After the tomato harvest, we suffered through a terrible wind storm. Strong gusts pelted the valley all night, stirring up clouds of dust, and keeping us from a good sleep. Then it started to rain - and the drops came down hard enough to cause a water-fall from our roof drain gulley's (remember, no gutters in the desert). I kept going outside to check on the tomato plants, as the wind was really whipping them around - even inside the four walls of our courtyard. I was worried my pathetic attempt at staking the vines was not going to hold. I did some middle-of-the-night stake adjusting, but woke to find one bent vine (not sure if it will recover) and one egg-sized green "Early Girl" tomato on the ground. (Insert sad face here.) My Driver braved Coachella Music Festival traffic to visit a garden store to purchase four really tall stakes, so now the vines are protected in a make-shift twine cage.

Take that, Mother Nature.

All the mess to clean up, and all we thought was how happy the storm was Thursday night and not Friday night during the music festival. THAT would have been a nightmare for the hipsters!

Another ho-hum appetizer plate.

For Shabbat: Matzo Ball Soup. The chicken stock was made from the carcass of the whole butterflied chicken DT grilled Saturday night (16th), and it was outstanding. Since acquiring a pressure cooker, I have learned it makes the BEST stock: place the carcass and any other chicken bits (I do not use offal) left-over, cover the bones completely with water, and pressure cook on HIGH for 45 minutes. Let the pressure release naturally and strain the stock. (Discard the bones.) Chill the stock to let the fat rise to the top. Discard the fat (or not), then freeze the stock in the portions you will need later. Viola! Notice this stock includes no vegetables. No bay leaf. Nothing. You can add salt, as needed, later.

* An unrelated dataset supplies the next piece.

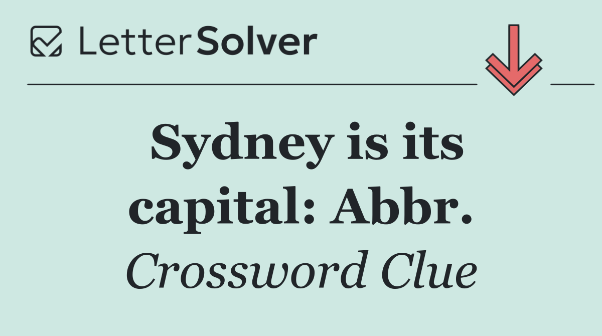 We specialize in solving many of your favorite puzzles, including the New York Times, USA Today, LA Times, Daily Themed Crosswords, and more. The "Sydney is its capital: Abbr." clue from the Premier Sunday puzzle, June 01 edition, is one such example.

A handful of shredded breast was saved/frozen from last week's chicken for tonight's soup. All I added was one carrot, shredded with a vegetable peeler... and matzo balls. And parsley.

Must. Garnish.

The soup was served with a composed tomato salad dressed with a vinaigrette using the dregs from the bottom of a jar of anchovies (don't waste food!), lemon juice, olive oil and lots of black pepper. It was drizzled over the sliced tomatoes and garnished with kalamata olives. Yummy.

The last night of Passover was not very exciting. I was running out of ideas, and had one massive russet potato, plus a bunch of asparagus that needed to be used. Dave grilled chicken thighs (that had marinated in the last of the jug of orange juice the kids didn't finish during their visit). I suggested we have the potato served au gratin, he grill the asparagus with the chicken, and I would make a wedge salad. DT suggested that was too much food... so compromised to serve the asparagus cold as a salad. (A wedge will be served with our pizza Sunday night.)

Steamed, chilled, and topped with a drizzle of home-made tarragon mayonnaise. Chopped tomato garnish. Salad!

The potato was the hit of the night. Baked in the toaster oven in a teeny pan. My mom made the best au gratin potatoes. Maybe I learned this technique from her? This dish is best prepared with gold potatoes, but we work with what we have.

The Coachella Music Festival ends Sunday night and 125,000 music fans will leave town. Monday, I will venture out to the grocer and restock (assuming the grocers have restocked!), and prepare for another week of meals. One dinner will definitely include pasta.

Until my next update, I remain, your unleavened correspondent.


3 thoughts

  1. I pressure cook mine for 2 hrs. Still faster than hours of simmering on the stove. Most times I do add the scrap veggies I save in my freezer. Mainly carrot peelings, celery pieces and onion ends plus clean skins as it gives it a darker color. And if you can find chicken feet a real plus for the collagen. Makes a very gelatinous broth.

  2. Hi Terry! So glad you’re enjoying using a pressure cooker. I adapted your Spicy Chinese Beef pot for the pressure cooker & just love it. The sauce is so good & the flank steak is very tender. I need to work on your Southwestern Chicken chowder for the pressure cooker. Everyone loves it! Thanks for all your great recipes.